Lisa Parker, a philosopher, is the Dickie, McCamey & Chilcote Professor of Bioethics, Director of the Center for Bioethics & Health Law, and Professor of Human Genetics in the School of Public Health. She directs the University’s Master of Arts in Bioethics Program in The Dietrich School of Arts and Sciences, and is a co-director of the Area of Concentration in Medical Humanities and Ethics in the School of Medicine. She is also a member of the Steering Committee of the Gender, Sexuality, and Women's Studies Program, an affiliated faculty member in the Department of Religious Studies, and a fellow of the Center for Philosophy of Science. She leads the University’s Research, Ethics, and Society Initiative, designed to foster campus-wide discussion of research ethics and the social implications of empirical research, scholarship, and technology development.
Dr. Parker has published extensively on ethical concerns related to the design and conduct of research, particularly genetic research and mental health research, as well as on aesthetic surgery, confidentiality, and informed consent. Her research on ethical issues in genetics/genomics has focused on the ethical management of incidental findings and return of research results, pharmacogenomic research, and genetic enhancement. She has a sustained interest in employing feminist approaches to bioethical issues and in the critical analysis of bioethics as a social practice and field of inquiry.
Dr. Parker collaborates with investigators across the University, as well as nationally and internationally, on both empirical studies and theoretical and policy analyses. Topics of her research collaborations range from genomic sequencing and biobanking to depression treatment to traumatic brain injury and mild cognitive impairment. With colleagues in the Department of Religious Studies and the School of Medicine, she is collaborating in the Religion, Medicine, and Healthcare Research Initiative. As Associate Director for Bioethics in the University’s Institute for Precision Medicine, she currently serves as an ethics consultant on studies involving biobanking and whole exome/genome sequencing in different patient populations, as well as the integration of whole genome sequencing data into the Test2Learn educational platform and development of educational modules teaching front-line providers and health system leaders to integrate genomic sequencing into clinical care.

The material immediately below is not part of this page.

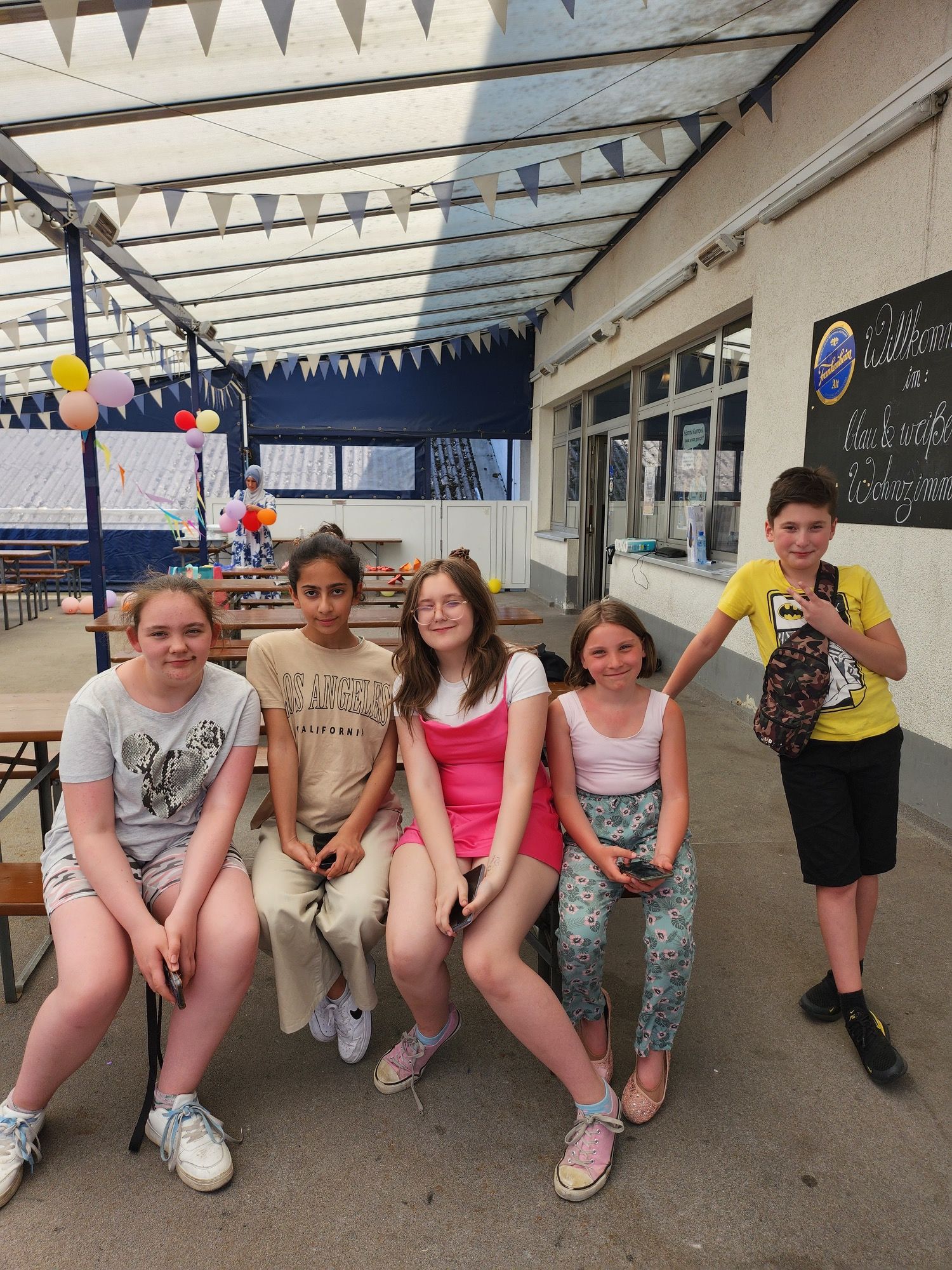 Am Ende des Projekts wurde ein kleines Abschlussfest veranstaltet, zu dem alle Kinder, ihre Eltern und Geschwister eingeladen wurden. Das Fest fand kurz vor den Sommerferien 2023 statt - bei schönstem Sonnenschein. Es gab eine Hüpfburg, die Kinder und Jugendlichen haben selbst Waffeln, Reibekuchen, Apfelmus, Fruchtsalat und Limonade gemacht, das Zelt dekoriert und sich um die Gäste gekümmert. Als Geschenk haben sie eine Urkunde, eine Kochschürze sowie das Kochbuch erhalten, das alle Rezepte beinhaltete, die gemeinsam mit den Gruppen gekocht wurden.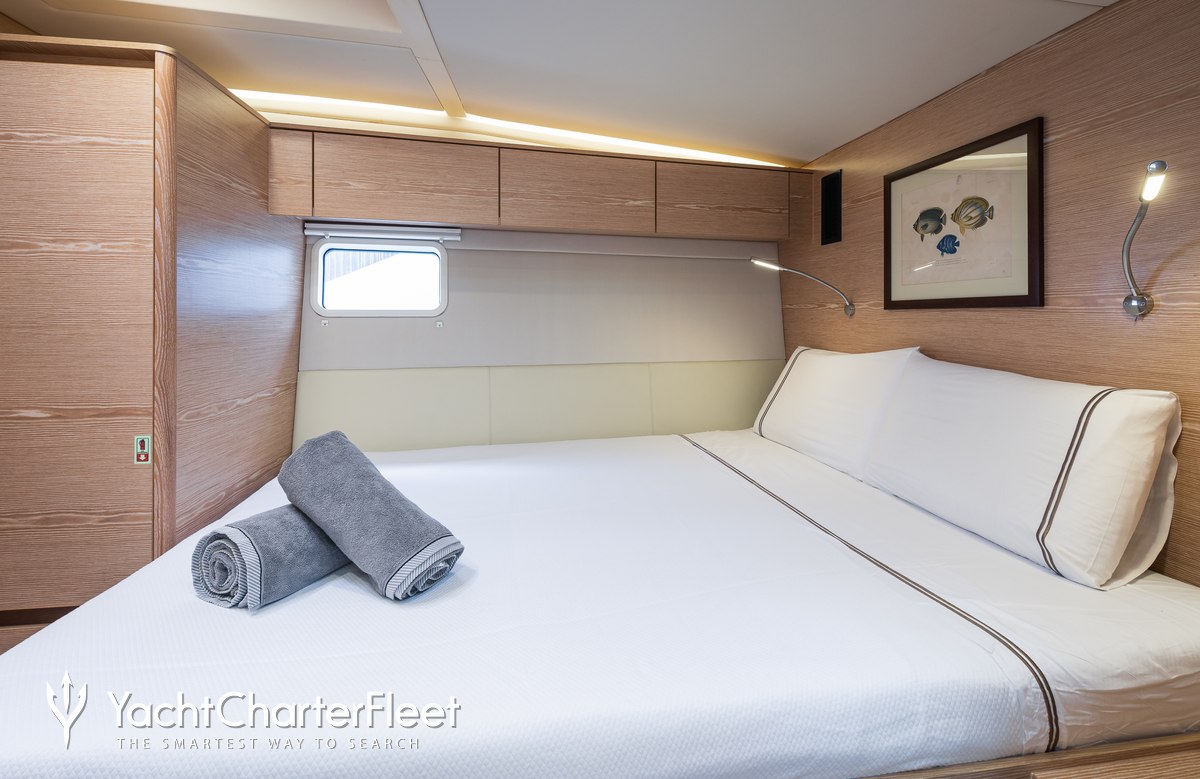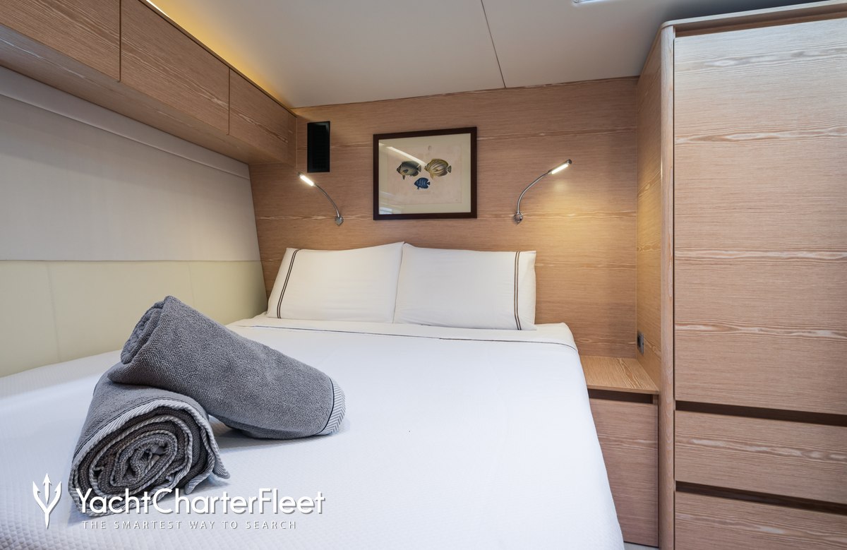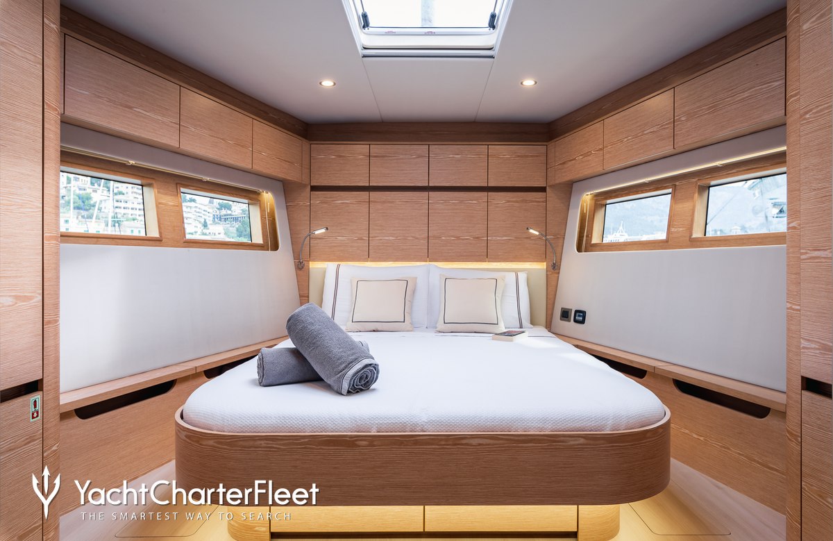 Families will particularly love Agarimo Six thanks to her child-friendly setup. Built in 2017, She offers guest accommodation for up to 6 guests with a layout comprising a master suite and one double cabin. There are 4 beds in total, including 1 queen, 1 double, 2 singles and 2 pullmans. She is also capable of carrying up to 2 crew onboard to ensure a relaxed luxury yacht charter experience.

Dr. Parker has chaired and is currently serving a second term on the Genomics and Society Working Group of the National Advisory Council for Human Genome Research for the National Human Genome Research Institute (NHGRI), where she has served on the study section of the ELSI Program (the Ethical, Legal, and Social Implications Program) and on national working groups examining the management of incidental findings and research results. She also serves on the Expert Scientific Panel of the Electronic Medical Records and Genomics (eMERGE) Network.. She is a reviewer for the Maryland Stem Cell Research Fund, as well as national and international research programs including the US Department of Defense, National Science Foundation, and the German Research Fund.

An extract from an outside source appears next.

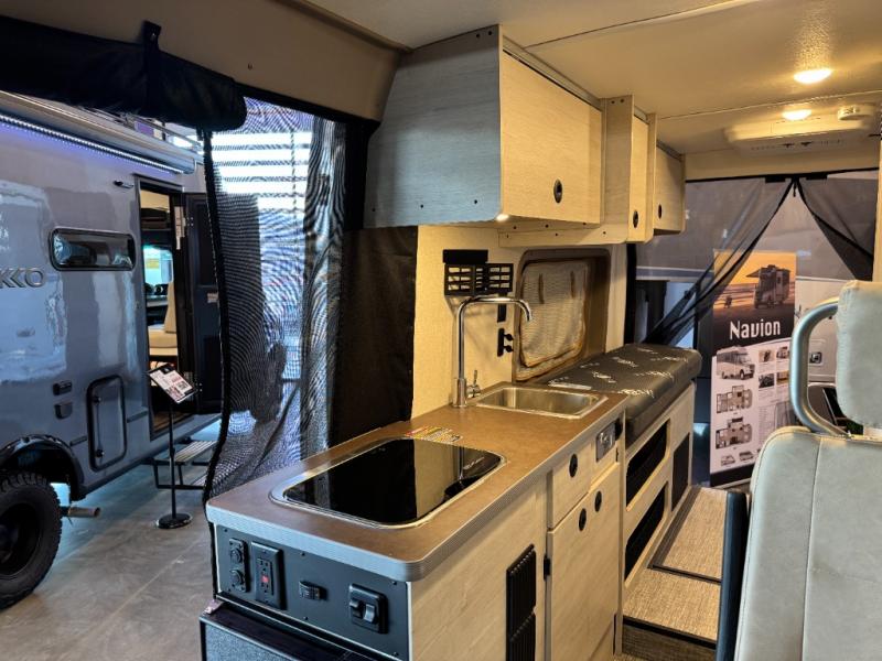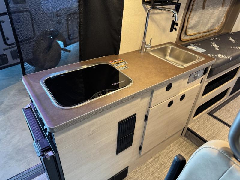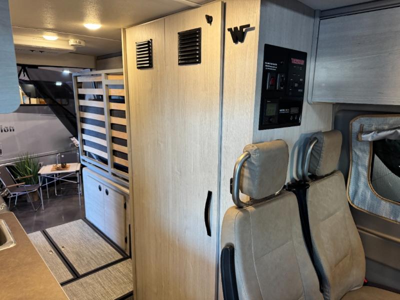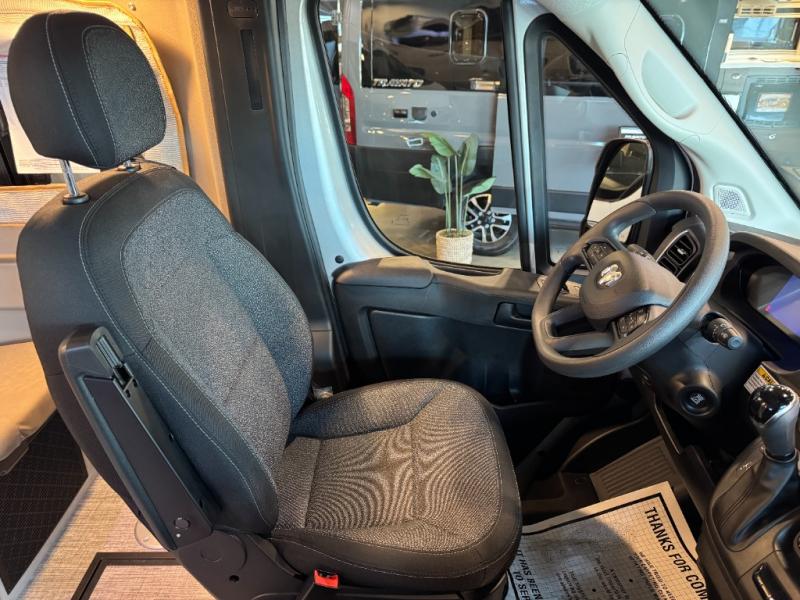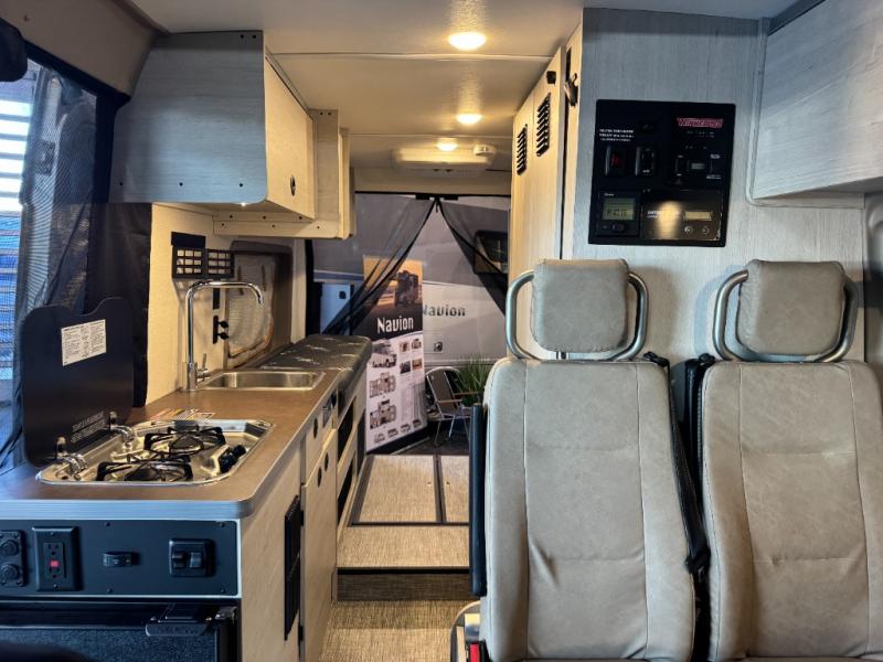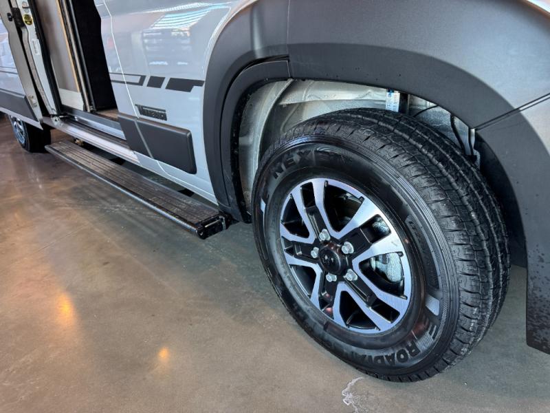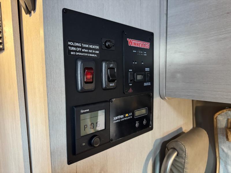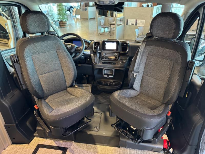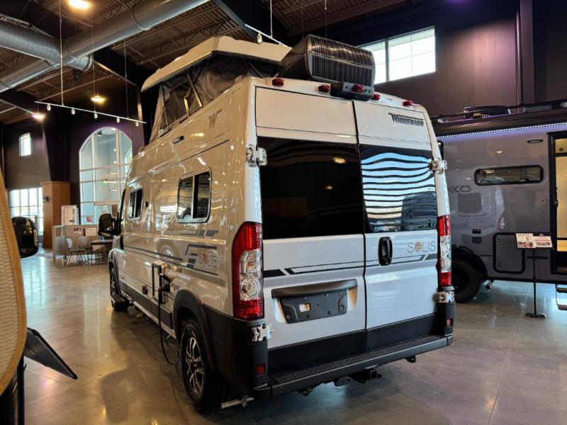 Each Solis Class B gas motorhome by Winnebago sits upon a fuel-efficient Ram ProMaster chassis with a 3.6L V6 engine to power your adventures. You will love the cab conveniences that make each trip enjoyable, like the radio/review monitor system touchscreen and the crosswind assist to keep you steady on the road. Some of the hassle-free amenities you will appreciate are the exterior wash station, the Eco-Hot water system, and the water center control panel located inside the right rear door. Head indoors to find heavy-duty vinyl flooring throughout, a laminate countertop and a stainless steel sink in the galley, plus tinted coach windows for added privacy. The Solis also features off-grid capabilities with its two deep-cycle Group 31 batteries and 220-watt flexible surface solar panel with a controller. Adventures awaits in the Solis Class B gas motorhome!

At the University, Dr. Parker was elected to the Faculty Assembly (2022-2025), co-chairs the Institutional Conflict of Interest Committee, and serves on the Humanities Council, the Human Data and Tissue Sharing Committee, the Dual Use Research of Concern (DURC) Committee, the COVID-19 Vaccine Policy Drafting Committee, and the Women in Medicine & Science Forum Planning Committee. She previously served on the Global Health Certificate Planning Committee, the committee proposing the Certificate in Health Humanities, the Information Technology Advisory Committee's Data Governance Subcommittee, and the Plan for Pitt 2025 Steering Committee.

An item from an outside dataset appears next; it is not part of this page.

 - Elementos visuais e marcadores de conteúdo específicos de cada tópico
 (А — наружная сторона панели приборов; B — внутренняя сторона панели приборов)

Dr. Parker served as a co-investigator for international research ethics training programs focused in China, Egypt, and India. At the University, her courses include Research Ethics and the Reponsible Conduct of Research, Bioethics, Ethical Issues in Genomic Medicine and Research (in the Honors College), and Gender, Ethics, and the Body, as well as thirty-one directed reading and special topics courses at the graduate level.